In agreement with our previous reports on the same model of prenatally programmed hypertension (20, 27), no BP differences were observed between males and females; the BP data measurements of both sexes are therefore combined for analysis. Figure 2 illustrates the overall systolic BP profiles in the experimental groups from 8 to 16 wk of life. The NS rats became progressively more hypertensive as previously reported by us (20). Remarkably, there was only a slight rise in BP in the LS and E groups with age throughout the observation period, and at 16 wk of age their BP readings were identical to those of normal control rats of the same age (Fig. 2). Beginning at 10 wk of age, the mean systolic BP in the HS group was higher than that of the NS group (Fig. 2). The BP difference between the two normotensive groups (LS and E) and the two hypertensive groups (NS and HS) widened with age. The effects of both age and treatment group were highly significant when analyzed by repeated-measures ANOVA (P < 0.001).
Renal function, PRA, and plasma aldosterone concentration.

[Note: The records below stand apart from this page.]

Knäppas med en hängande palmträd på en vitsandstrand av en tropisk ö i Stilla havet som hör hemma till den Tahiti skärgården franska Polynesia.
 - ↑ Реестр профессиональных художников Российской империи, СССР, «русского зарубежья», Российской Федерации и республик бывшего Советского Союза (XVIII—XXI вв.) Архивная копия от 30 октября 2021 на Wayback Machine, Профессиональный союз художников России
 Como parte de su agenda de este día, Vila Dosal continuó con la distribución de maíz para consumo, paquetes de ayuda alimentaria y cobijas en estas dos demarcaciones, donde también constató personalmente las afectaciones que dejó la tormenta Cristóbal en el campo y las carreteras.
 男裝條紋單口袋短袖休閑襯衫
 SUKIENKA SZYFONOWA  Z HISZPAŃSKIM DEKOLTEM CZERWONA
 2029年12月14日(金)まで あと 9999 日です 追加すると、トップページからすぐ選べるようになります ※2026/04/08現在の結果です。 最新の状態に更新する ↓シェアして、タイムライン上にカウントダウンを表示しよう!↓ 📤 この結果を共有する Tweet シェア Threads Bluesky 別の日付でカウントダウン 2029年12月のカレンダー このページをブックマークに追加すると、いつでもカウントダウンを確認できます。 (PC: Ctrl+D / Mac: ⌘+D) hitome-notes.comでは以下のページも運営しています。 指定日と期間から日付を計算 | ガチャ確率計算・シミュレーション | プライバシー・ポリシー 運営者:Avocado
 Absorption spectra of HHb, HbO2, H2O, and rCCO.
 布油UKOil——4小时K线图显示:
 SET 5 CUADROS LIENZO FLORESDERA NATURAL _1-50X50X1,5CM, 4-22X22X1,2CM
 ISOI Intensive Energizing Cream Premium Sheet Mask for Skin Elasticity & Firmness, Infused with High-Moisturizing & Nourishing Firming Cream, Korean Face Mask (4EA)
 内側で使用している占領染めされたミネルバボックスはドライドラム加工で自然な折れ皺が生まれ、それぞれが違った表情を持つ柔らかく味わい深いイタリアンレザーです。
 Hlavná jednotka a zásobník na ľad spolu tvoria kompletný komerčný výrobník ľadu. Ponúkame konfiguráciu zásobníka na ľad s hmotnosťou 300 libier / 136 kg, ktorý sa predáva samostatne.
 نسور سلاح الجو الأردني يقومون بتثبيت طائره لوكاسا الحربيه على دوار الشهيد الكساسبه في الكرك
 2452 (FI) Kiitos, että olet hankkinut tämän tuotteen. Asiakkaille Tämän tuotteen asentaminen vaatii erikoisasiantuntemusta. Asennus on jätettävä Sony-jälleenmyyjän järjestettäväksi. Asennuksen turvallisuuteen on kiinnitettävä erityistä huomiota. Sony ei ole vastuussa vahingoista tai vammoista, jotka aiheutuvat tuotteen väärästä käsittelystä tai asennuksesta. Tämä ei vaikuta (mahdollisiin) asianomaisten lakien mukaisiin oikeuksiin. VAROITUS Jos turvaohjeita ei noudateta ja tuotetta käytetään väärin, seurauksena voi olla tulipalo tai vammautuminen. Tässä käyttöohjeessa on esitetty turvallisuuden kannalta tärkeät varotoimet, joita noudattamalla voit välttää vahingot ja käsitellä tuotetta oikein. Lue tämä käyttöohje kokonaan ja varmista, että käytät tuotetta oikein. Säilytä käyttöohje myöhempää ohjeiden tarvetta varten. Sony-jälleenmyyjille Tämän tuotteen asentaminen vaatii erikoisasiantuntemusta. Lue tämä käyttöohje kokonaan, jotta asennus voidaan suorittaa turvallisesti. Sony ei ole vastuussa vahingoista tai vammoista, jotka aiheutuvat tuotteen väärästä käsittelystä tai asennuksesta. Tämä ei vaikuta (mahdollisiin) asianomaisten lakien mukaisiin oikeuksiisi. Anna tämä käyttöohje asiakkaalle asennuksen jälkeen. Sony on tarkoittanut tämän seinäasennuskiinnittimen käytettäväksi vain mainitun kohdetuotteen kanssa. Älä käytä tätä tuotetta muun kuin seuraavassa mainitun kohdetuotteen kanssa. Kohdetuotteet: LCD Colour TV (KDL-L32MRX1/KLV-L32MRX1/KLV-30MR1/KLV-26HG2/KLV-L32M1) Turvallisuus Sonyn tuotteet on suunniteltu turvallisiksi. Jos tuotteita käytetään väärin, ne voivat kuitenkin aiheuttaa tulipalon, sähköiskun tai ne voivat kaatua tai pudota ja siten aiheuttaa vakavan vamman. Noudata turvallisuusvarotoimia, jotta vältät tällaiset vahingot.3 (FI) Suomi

All determinations were done at the time of the death, at 16 wk of age, and compared with normal control rats of the same age. Plasma creatinine and electrolyte concentrations were without significant differences between the groups or sexes (Table 1). (The concentrations of all electrolytes were relatively low, perhaps due to the fact that the animals received only water during the urine collection for the final 24 h before death.) Terminal bladder urine protein:creatinine ratio in male rats was 4.56 ± 3.59 (n = 5) in LS, 4.21 ± 3.13 (n = 7) in NS, and 15.41 ± 23.86 (n = 6) in HS; the differences were not statistically significant. We were unable to obtain urine in a sufficient number of female rats for statistical analysis.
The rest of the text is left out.